Best regards, @akanimax

bemoregt commented 5 years ago

Hi, @akanimax @huangzh13 @owang @sridharmahadevan

It seems that rotated face is very weak for generation using MSG-GAN.

What is the image augmentation technics suitable for face generating GAN?

Thanks .

from @bemoregt

Pascal900 commented 5 years ago

@bemoregt,

I see. There is no handling of Grayscale image case. I'll fix this by tomorrow when I get access to my code (I am currently travelling). For now, could you please remove all the grayscale (black and white) images from your dataset?

Thanks. @akanimax

Hi, @akanimax

I'd be happy to test MSG-GAN on radiology data.
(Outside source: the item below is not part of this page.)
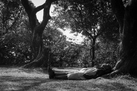 - Hi, my name is Martin Krause, and I am living in Essen / Germany. First of all let me say that I am very happy and proud to be one of the winners of this competition, thank You very much. This photo was taken on a very sunny "Winter"-Day ( 01-01-2015 ) on a walk around the "Peak" in Hong Kong. Just found this man who dreamed himself away for a few moments on a sunny meadow, just a few meters away from the path where crowds of people enjoyed their holiday and the first beautyful day of the year which has begun a few hours ago. Shot was taken with a Panasonic GH-4 with Lumix G-Vario 2,8 / 12-35, processed in LR5 and NIK silver efex pro.

Is there a way to allow for output grayscale images in your next update?

Thanks!

akanimax commented 5 years ago

@Pascal900,

Great to hear that you would like to use the MSG-GAN for radiology data. Earlier when I said that I'll handle the Grayscale case, I meant just ignoring the grayscale images from the dataset. But for your case, it seems that all the images in the dataset would be grayscale. Will create a new branch for this development. It is a new addition to the network. Till then one thing you could try is to make RGB images from your gray-scale ones. The network will just learn to output the same values for the R, G and B channels. I have tried it before on MNIST data, it worked pretty well.
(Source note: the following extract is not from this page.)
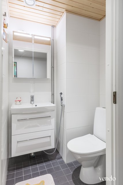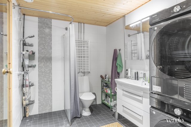 - WC-istuin, suihku, suihkuseinä, pesukoneliitäntä, lattialämmitys, peilikaappi, pesuallas, allaskaappi, ja bidee-suihku

Please feel free to ask if you have any more queries.

Best regards, @akanimax

mdraw commented 5 years ago

Since I am also working on grayscale radiology data and needed support for that immediately, I've implemented this in #14. @Pascal900, maybe you can try my branch if this use case is still relevant to you. I'd be happy to hear feedback.